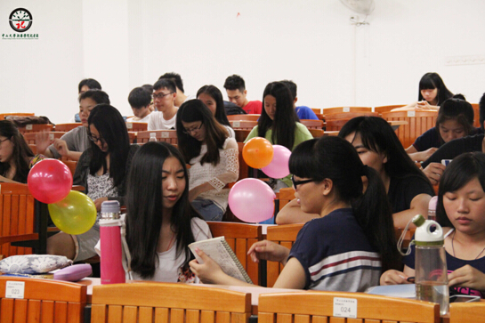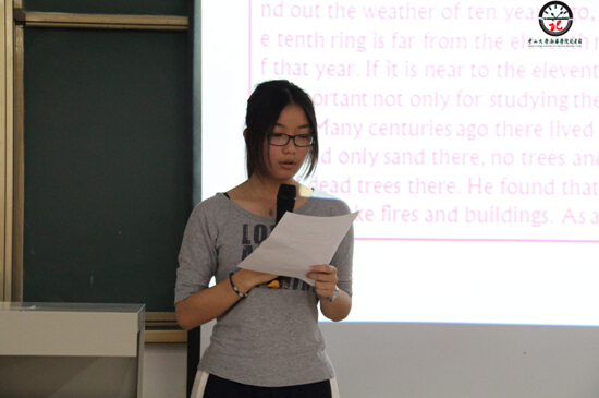 为了能够让老师清晰、正确地听出每位同学的发音,此次活动分为等待室和参赛室两个地点进行。参赛们怀着紧张的心情来到课室,有的做着赛前的练习,有的在放松自己。随着主持人宣布“语音语调”大赛开始,选手们按照编号轮流在事先打印出来的英语名篇`时事新闻中随即抽取一篇,在礼仪的带领下进入了参赛现场。
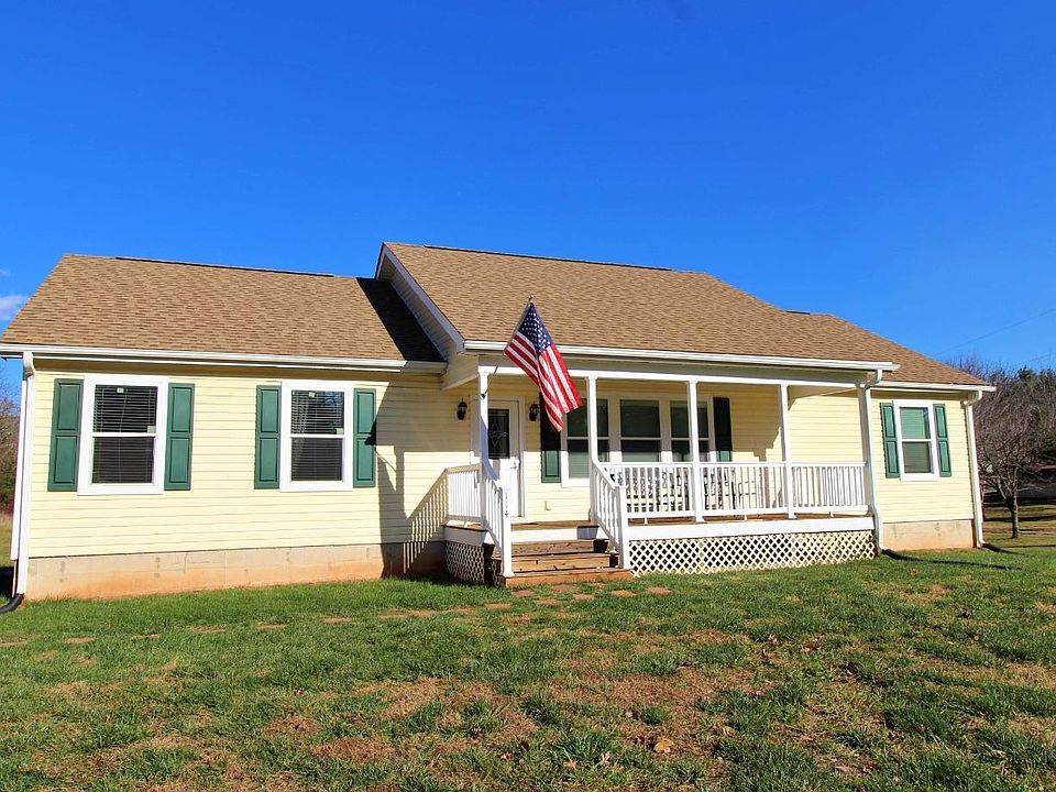 Check out this beautiful saddle-roof ranch home on a full basement located on a perfect 2.5 acre lot right in the town of Rustburg! This OPEN floorplan home features a gorgeous kitchen with an eat at island, lots of cabinet & countertop space and a very nice tile backsplash. The large main bedroom has an incredible bathroom complete with a huge walk in tile shower, double vanity and a garden tub. The home has multiple main level closets for storage and a large utility/laundry area located just off of the kitchen. The basement offers plenty of storage and is perfect for future expansion with a full bathroom rough in already in place. Exterior features a very nice 25' covered front porch, a large flat 2.5 acre lot with all sorts of uses and a Hot-tub overlooking the land out back. 400 amp electrical service already installed for future basement finish or a large outbuilding. Shentel & Comcast high speed internet. Call today to take a look!
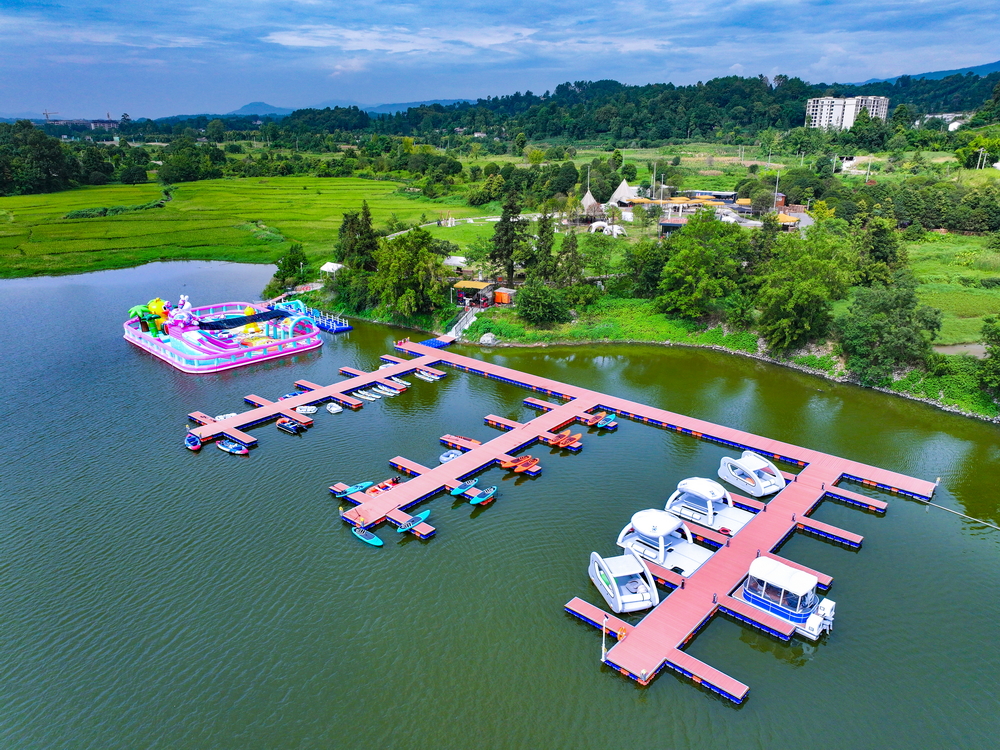 園區(qū)內(nèi),自駕游客可停車納涼、喝咖啡、燒烤、露營(yíng);在濱湖營(yíng)地,水上城堡是孩子們最喜愛(ài)的游玩項(xiàng)目,而家長(zhǎng)可在一旁體驗(yàn)皮劃艇、槳板、水上自行車、沙灘足球、充氣游艇等?!翱紤]到不少游客是零基礎(chǔ),我們還配備了多位專業(yè)教練和安全員,在確保安全的前提下,讓大家更多更好地享受水上運(yùn)動(dòng)的樂(lè)趣?!睘I湖營(yíng)地主理人雷雨介紹,未來(lái)園區(qū)還將舉行露天電影和音樂(lè)派對(duì)等?!白屛蚁肫饍簳r(shí)夏天的湖邊秘密基地。” “劃重點(diǎn),離成都1個(gè)多小時(shí),速來(lái)?!辈簧倬W(wǎng)友分享著他們玩耍后的感受。
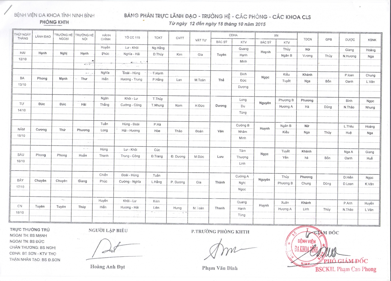 Từ ngày 12 đến ngày 18 tháng 10 năm 2015 (Lãnh đạo-Trưởng hệ-các phòng-các khoa CLS)
-*-*-
* _TASK GOAL_:
What is needed is an exact copy of the lines from the one with "園區(qū)內(nèi),自" through the end of the data above, both included, minus any pictures.

* _WRITTEN RESPONSE_:
 園區(qū)內(nèi),自駕游客可停車納涼、喝咖啡、燒烤、露營(yíng);在濱湖營(yíng)地,水上城堡是孩子們最喜愛(ài)的游玩項(xiàng)目,而家長(zhǎng)可在一旁體驗(yàn)皮劃艇、槳板、水上自行車、沙灘足球、充氣游艇等?!翱紤]到不少游客是零基礎(chǔ),我們還配備了多位專業(yè)教練和安全員,在確保安全的前提下,讓大家更多更好地享受水上運(yùn)動(dòng)的樂(lè)趣?!睘I湖營(yíng)地主理人雷雨介紹,未來(lái)園區(qū)還將舉行露天電影和音樂(lè)派對(duì)等?!白屛蚁肫饍簳r(shí)夏天的湖邊秘密基地。” “劃重點(diǎn),離成都1個(gè)多小時(shí),速來(lái)?!辈簧倬W(wǎng)友分享著他們玩耍后的感受。
 Từ ngày 12 đến ngày 18 tháng 10 năm 2015 (Lãnh đạo-Trưởng hệ-các phòng-các khoa CLS)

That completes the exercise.